The logger output can also be seen below.
wandb: Tracking run with wandb version 0.25.0
wandb: W&B syncing is set to `offline` in this directory. Run `wandb online` or set WANDB_MODE=online to enable cloud syncing.
...
Starting Training!
Epoch 0 Metrics: Learning Rate = 7.225e-03, Loss = 8.186e-01
...
Finished Training!
To visualize the logs interactively, simply follow the instructions printed in the outputs.
Checkpointing in PhysicsNeMo#
PhysicsNeMo provides easy utilities to save and load the checkpoints of the model, optimizer, scheduler, and scaler during training and inference. Similar to logging, custom implementation can be used, but in this example you will see the utilities from PhysicsNeMo and some of its benefits.

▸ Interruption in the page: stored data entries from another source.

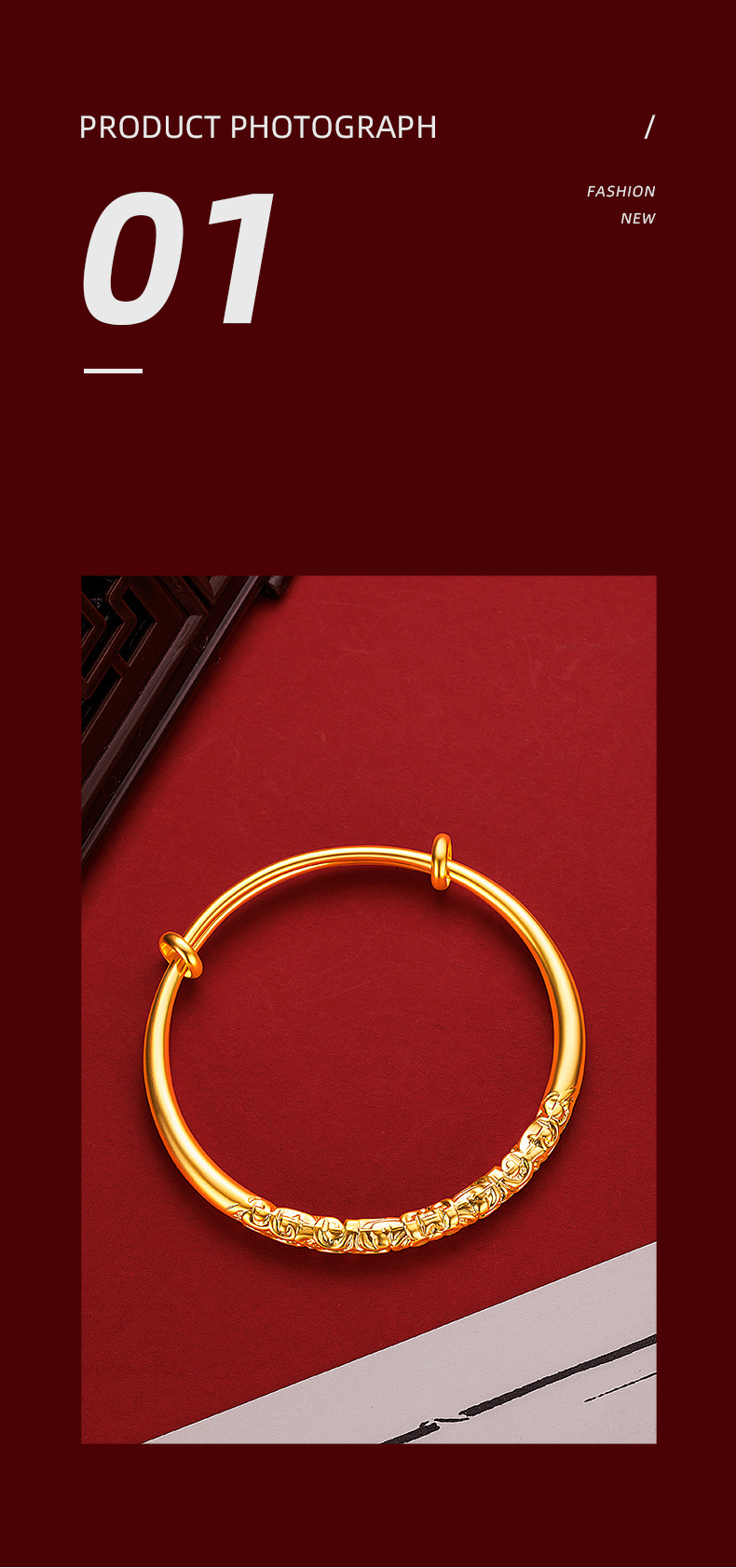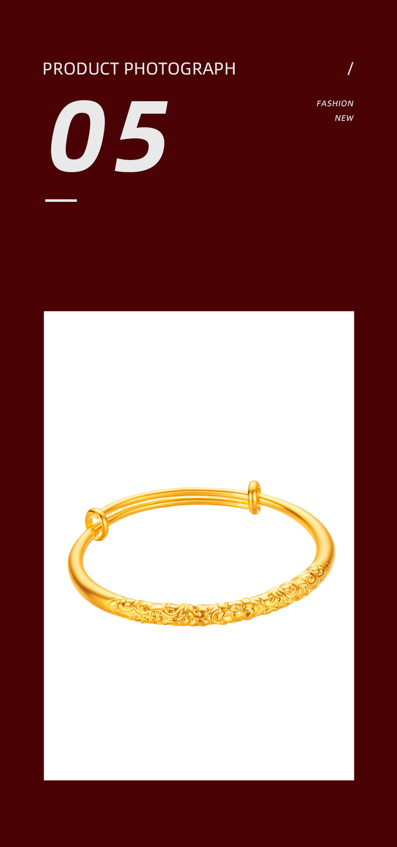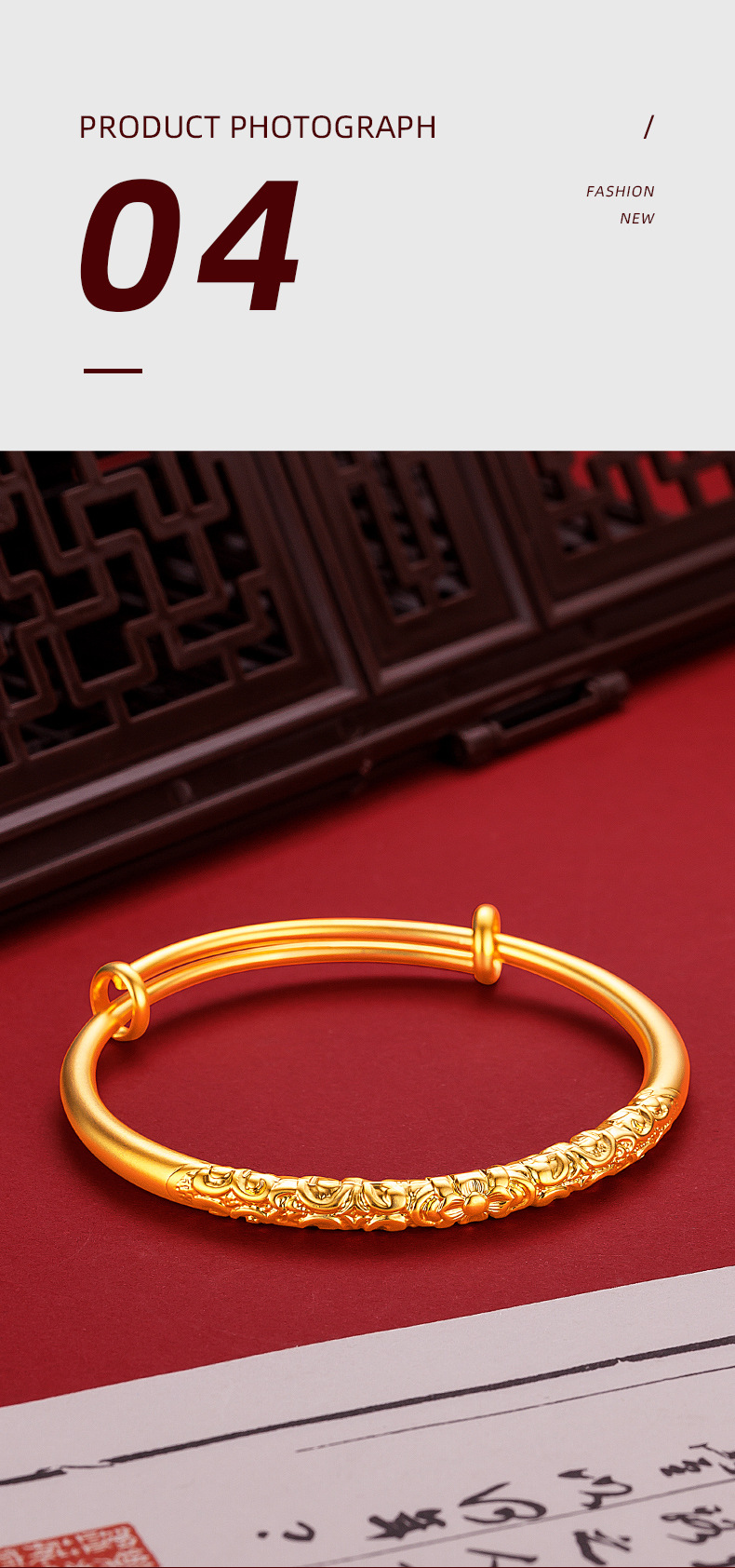 Ancient Fine Sand Bauhinia Flower Curly Grass Bracelet Women's Vintage National Style National Tide Golden Carved Vein Circle Push-Pull Bracelet
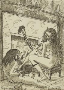 Deux femmes conversant près de la rivière, pastel et craie grass...
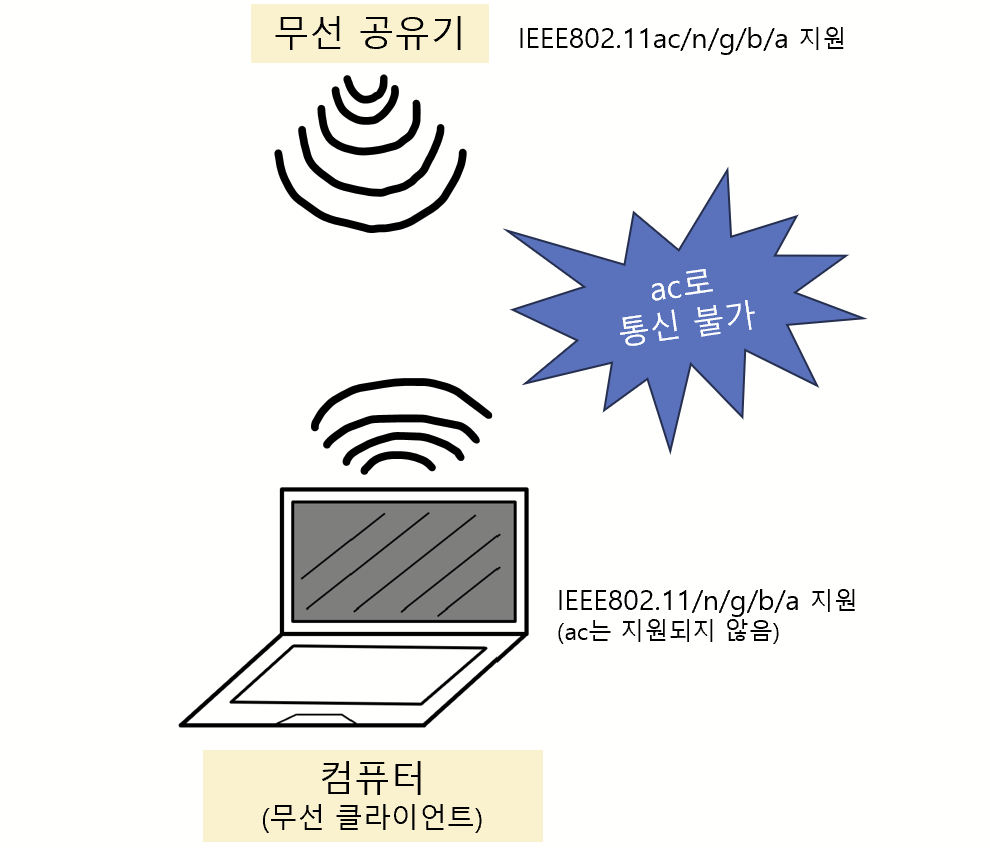 - 다양한 통신 규격을 지원하는 공유기가 있어 좋지만, 무선 클라이언트도 그만한 규격을 지원해야 하지 않는 경우들도 있으니 주의해야한다.

Loading and Saving Checkpoints During Training#
The example below shows how you can save and load a checkpoint during training. The implementation
allows the model training to be resumed from the last saved checkpoint. Here, you will
demonstrate the use of load_checkpoint()
and save_checkpoint().
import logging
import torch
import physicsnemo
from physicsnemo.datapipes.benchmarks.darcy import Darcy2D
from physicsnemo.utils import load_checkpoint, save_checkpoint
from physicsnemo.metrics.general.mse import mse
from physicsnemo.models.fno.fno import FNO
normaliser = {
"permeability": (1.25, 0.75),
"darcy": (4.52e-2, 2.79e-2),
}
dataloader = Darcy2D(
resolution=256, batch_size=64, nr_permeability_freq=5, normaliser=normaliser
)
model = FNO(
in_channels=1,
out_channels=1,
decoder_layers=1,
decoder_layer_size=32,
dimension=2,
latent_channels=32,
num_fno_layers=4,
num_fno_modes=12,
padding=5,
).to("cuda")
optimizer = torch.optim.Adam(model.parameters(), lr=0.01)

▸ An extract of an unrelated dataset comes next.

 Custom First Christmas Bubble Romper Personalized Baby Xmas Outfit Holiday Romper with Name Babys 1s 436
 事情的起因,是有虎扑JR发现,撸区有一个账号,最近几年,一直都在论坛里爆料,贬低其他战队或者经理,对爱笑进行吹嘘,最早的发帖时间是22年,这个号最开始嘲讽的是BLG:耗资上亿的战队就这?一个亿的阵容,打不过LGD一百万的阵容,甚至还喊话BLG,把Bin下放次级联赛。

scheduler = torch.optim.lr_scheduler.LambdaLR(
optimizer, lr_lambda=lambda step: 0.85**step
)
# Configure logging so checkpoint load/save messages (from physicsnemo.utils.checkpoint) are visible.

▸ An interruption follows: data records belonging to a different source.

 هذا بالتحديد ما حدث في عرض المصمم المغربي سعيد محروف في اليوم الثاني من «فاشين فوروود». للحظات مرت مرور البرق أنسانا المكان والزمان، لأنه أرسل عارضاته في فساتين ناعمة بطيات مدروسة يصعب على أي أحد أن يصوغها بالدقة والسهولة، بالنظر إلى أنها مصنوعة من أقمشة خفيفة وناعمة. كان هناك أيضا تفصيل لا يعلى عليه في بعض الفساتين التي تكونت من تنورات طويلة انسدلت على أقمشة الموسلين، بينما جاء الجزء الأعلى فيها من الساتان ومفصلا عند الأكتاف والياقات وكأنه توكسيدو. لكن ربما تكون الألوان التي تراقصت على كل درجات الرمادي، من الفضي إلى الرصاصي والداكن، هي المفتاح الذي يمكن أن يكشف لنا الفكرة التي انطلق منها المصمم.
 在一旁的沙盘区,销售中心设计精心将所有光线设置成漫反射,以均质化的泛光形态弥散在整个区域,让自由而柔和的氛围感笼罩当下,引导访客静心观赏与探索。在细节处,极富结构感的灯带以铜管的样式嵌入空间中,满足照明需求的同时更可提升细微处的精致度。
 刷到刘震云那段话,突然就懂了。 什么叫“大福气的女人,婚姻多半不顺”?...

logging.basicConfig(level=logging.INFO, format="%(message)s")
# Load the epoch and optimizer, model and scheduler parameters from the checkpoint if
# it exists. Here we will use the `load_checkpoint` function to load the checkpoint,
# optimizer, and scheduler parameters from the checkpoint.
loaded_epoch = load_checkpoint(
"./checkpoints",
models=model,
optimizer=optimizer,
scheduler=scheduler,
device="cuda",
)
# we will setup the training to run for 20 epochs each epoch running for 5 iterations
# starting with the loaded epoch
dataloader = iter(dataloader)
for i in range(max(1, loaded_epoch), 21):
# this would be iterations through different batches
for _ in range(5):
batch = next(dataloader)
true = batch["darcy"]
pred = model(batch["permeability"])
loss = mse(pred, true)
loss.backward()
optimizer.step()
scheduler.step()
# save checkpoint every 5th epoch
if i % 5 == 0:
save_checkpoint(
"./checkpoints",
models=model,
optimizer=optimizer,
scheduler=scheduler,
epoch=i,
)
The script configures logging so that checkpoint load/save messages from PhysicsNeMo are visible when run standalone. When run (e.g. from a partially trained model), you should see output similar to the following.
>>> python test_scripts/test_basic_checkpointing.py
...
Loaded model state dictionary .../checkpoints/FNO.0.15.mdlus to device cuda
Loaded checkpoint file .../checkpoints/checkpoint.0.15.pt to device cuda
Loaded optimizer state dictionary
Loaded scheduler state dictionary
Saved model state dictionary: .../checkpoints/FNO.0.15.mdlus
Saved training checkpoint: .../checkpoints/checkpoint.0.15.pt
Loading Checkpoints During Inference#
For loading the checkpoint in inference, the process is straightforward, and you can refer to the samples provided in Running Inference on Trained Models and Saving and Loading PhysicsNeMo Models.